_WHAT YOU SHOULD DO_
Once you find the line with "An original and" in the entries below, return exactly every line from it through the line with "デニムジャケットは一番上のア".

(Data excerpts)
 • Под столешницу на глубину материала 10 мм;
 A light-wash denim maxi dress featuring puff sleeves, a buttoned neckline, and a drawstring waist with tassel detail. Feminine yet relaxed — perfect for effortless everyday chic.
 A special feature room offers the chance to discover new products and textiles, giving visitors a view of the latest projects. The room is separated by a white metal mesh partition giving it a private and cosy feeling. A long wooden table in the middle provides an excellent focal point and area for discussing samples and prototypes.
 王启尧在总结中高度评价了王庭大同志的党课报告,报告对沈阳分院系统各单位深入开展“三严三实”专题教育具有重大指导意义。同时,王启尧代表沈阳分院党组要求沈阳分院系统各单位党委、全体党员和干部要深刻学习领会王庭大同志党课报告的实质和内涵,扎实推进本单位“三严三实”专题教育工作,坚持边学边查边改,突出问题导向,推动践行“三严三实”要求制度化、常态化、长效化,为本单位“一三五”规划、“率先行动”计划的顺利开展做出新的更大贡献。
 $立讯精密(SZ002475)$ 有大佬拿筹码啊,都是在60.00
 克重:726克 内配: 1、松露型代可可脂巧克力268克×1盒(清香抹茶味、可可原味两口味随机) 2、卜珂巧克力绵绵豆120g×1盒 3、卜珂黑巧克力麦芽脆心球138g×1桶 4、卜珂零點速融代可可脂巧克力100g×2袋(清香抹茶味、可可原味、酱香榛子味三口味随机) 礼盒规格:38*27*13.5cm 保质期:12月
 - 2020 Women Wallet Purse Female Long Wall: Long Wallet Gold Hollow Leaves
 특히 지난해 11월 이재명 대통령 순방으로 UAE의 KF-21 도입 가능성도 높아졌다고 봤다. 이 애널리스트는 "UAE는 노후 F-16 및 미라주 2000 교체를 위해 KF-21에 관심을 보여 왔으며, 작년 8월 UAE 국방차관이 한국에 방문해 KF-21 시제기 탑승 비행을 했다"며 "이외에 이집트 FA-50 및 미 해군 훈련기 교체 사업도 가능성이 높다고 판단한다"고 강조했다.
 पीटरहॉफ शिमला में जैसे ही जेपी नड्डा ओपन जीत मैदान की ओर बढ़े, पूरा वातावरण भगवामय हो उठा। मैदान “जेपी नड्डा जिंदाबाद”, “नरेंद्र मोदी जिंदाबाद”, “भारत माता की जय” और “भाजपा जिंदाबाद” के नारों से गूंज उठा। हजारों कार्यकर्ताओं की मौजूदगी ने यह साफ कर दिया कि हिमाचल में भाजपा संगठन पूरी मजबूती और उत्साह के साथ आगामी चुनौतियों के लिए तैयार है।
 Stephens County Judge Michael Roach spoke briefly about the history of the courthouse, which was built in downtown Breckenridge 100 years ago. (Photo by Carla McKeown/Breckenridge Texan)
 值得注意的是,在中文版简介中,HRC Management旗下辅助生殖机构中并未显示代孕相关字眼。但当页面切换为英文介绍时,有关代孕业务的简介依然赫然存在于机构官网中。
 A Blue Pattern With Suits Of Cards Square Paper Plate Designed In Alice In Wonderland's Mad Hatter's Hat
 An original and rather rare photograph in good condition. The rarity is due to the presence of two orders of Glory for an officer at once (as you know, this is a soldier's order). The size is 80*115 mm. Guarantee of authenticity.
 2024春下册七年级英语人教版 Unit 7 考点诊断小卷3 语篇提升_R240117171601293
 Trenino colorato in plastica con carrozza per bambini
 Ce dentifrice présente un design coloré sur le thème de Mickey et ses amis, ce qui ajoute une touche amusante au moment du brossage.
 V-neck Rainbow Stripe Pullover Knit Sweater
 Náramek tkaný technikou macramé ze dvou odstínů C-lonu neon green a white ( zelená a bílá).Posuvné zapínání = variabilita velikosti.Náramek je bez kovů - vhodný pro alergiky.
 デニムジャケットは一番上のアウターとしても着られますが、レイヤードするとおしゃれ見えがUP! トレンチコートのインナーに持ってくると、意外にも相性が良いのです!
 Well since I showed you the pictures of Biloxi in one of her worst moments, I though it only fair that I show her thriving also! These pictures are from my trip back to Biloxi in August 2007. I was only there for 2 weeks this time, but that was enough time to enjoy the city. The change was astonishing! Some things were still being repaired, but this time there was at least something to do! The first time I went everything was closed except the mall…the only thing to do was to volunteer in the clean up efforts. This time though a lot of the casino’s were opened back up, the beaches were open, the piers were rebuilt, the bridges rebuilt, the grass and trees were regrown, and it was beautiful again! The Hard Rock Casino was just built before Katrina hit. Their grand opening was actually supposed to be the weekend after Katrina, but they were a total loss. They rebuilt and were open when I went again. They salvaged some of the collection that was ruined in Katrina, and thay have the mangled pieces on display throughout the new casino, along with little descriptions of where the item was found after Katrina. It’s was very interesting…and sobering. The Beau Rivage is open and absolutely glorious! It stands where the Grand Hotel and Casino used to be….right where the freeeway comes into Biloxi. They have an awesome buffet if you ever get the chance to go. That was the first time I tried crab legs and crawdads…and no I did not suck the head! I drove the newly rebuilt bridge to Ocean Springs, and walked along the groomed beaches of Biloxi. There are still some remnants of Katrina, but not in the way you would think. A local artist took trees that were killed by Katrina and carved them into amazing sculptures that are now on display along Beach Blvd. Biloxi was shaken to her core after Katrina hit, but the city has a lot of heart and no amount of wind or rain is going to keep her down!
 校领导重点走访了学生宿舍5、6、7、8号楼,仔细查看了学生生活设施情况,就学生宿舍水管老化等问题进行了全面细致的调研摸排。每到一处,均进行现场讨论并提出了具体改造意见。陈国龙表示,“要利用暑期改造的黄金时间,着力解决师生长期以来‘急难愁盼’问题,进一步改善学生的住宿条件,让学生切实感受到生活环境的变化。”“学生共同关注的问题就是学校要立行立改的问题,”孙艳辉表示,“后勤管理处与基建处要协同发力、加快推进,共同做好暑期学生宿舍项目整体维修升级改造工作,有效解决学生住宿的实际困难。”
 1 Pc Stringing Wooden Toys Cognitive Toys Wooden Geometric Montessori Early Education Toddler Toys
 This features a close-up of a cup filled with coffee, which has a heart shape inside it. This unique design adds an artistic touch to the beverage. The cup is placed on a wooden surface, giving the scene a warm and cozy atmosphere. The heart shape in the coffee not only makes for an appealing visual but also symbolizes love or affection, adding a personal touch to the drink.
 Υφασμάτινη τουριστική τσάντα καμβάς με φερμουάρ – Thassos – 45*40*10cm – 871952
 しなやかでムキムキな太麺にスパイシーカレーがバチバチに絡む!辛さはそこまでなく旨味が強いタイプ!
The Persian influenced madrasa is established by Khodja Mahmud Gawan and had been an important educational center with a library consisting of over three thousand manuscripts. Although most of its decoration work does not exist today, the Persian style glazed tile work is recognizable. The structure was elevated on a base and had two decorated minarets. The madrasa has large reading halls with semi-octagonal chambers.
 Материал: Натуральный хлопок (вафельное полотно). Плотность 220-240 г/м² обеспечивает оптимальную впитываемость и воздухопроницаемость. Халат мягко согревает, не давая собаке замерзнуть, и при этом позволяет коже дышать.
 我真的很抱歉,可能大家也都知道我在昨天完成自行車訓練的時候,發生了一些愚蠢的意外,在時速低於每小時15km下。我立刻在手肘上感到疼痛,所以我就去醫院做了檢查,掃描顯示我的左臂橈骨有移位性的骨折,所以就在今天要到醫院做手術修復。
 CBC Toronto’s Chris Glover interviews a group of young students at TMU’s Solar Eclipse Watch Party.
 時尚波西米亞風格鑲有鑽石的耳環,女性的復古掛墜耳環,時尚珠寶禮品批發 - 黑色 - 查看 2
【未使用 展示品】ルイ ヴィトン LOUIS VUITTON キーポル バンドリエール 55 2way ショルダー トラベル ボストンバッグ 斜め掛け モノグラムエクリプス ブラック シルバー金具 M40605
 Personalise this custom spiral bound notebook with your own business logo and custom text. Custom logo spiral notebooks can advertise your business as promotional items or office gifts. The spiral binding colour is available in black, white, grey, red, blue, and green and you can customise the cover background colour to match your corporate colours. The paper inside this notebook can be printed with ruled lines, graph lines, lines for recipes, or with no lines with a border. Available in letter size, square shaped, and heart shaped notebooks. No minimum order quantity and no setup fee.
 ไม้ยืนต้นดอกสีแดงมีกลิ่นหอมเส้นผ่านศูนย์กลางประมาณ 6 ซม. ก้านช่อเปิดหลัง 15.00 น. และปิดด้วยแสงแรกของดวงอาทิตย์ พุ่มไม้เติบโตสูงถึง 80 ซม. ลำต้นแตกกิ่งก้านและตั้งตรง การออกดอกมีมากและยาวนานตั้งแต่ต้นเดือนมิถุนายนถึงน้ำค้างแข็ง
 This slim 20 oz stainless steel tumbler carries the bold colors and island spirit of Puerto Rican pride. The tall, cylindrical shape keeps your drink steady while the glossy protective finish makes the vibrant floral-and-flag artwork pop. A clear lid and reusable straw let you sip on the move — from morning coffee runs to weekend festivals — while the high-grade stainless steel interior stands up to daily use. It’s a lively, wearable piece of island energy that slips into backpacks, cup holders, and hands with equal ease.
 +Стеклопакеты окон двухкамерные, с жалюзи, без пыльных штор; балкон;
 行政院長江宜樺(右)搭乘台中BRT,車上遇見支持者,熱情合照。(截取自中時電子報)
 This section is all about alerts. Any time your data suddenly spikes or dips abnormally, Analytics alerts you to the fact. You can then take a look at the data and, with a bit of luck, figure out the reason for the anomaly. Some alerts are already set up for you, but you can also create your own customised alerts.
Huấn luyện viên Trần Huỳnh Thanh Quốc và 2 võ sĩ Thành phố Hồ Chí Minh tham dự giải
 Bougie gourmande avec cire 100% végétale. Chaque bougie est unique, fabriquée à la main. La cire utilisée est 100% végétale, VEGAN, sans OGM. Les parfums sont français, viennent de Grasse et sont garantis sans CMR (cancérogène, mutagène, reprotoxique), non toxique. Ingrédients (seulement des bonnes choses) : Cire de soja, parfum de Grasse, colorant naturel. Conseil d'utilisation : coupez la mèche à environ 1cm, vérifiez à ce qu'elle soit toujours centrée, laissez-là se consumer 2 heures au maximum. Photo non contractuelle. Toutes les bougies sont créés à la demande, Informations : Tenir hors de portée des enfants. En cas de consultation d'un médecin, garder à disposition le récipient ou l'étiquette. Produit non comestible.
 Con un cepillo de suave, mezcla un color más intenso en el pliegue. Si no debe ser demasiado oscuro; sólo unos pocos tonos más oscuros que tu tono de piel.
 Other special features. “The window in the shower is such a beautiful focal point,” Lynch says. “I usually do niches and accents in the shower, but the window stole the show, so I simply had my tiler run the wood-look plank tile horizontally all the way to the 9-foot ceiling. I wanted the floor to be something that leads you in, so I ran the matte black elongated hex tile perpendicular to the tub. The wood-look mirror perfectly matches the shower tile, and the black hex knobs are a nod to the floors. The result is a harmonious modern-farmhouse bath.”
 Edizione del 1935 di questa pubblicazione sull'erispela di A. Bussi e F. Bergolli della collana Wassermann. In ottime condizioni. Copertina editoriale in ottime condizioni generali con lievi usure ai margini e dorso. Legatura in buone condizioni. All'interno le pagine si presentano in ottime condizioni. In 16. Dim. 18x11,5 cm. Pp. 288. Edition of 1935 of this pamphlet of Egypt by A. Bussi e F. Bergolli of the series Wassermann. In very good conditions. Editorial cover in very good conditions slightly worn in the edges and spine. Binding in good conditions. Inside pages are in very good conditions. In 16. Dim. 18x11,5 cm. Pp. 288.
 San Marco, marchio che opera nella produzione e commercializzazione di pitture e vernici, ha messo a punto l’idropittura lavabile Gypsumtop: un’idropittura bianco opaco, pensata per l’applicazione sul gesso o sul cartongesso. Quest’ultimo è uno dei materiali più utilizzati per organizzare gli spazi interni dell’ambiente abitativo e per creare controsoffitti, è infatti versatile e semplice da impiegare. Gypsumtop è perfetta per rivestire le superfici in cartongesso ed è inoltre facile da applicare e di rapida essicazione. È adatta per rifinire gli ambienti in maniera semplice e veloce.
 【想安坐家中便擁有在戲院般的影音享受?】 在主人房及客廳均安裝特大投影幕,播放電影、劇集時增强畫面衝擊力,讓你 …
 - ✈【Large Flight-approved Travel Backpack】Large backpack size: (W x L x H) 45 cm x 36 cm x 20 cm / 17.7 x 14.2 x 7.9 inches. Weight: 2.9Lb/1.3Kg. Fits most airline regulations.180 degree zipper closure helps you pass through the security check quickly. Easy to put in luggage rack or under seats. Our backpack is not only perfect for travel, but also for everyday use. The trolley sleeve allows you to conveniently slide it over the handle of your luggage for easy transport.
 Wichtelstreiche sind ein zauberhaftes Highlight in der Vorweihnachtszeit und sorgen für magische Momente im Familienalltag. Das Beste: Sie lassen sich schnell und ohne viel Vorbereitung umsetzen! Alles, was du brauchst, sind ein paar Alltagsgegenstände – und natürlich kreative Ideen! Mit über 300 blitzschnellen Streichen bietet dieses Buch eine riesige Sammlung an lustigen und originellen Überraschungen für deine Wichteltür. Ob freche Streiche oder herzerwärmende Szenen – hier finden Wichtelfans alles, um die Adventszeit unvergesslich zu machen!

_SOLUTION TO THIS TASK_
 An original and rather rare photograph in good condition. The rarity is due to the presence of two orders of Glory for an officer at once (as you know, this is a soldier's order). The size is 80*115 mm. Guarantee of authenticity.
 2024春下册七年级英语人教版 Unit 7 考点诊断小卷3 语篇提升_R240117171601293
 Trenino colorato in plastica con carrozza per bambini
 Ce dentifrice présente un design coloré sur le thème de Mickey et ses amis, ce qui ajoute une touche amusante au moment du brossage.
 V-neck Rainbow Stripe Pullover Knit Sweater
 Náramek tkaný technikou macramé ze dvou odstínů C-lonu neon green a white ( zelená a bílá).Posuvné zapínání = variabilita velikosti.Náramek je bez kovů - vhodný pro alergiky.
 デニムジャケットは一番上のアウターとしても着られますが、レイヤードするとおしゃれ見えがUP! トレンチコートのインナーに持ってくると、意外にも相性が良いのです!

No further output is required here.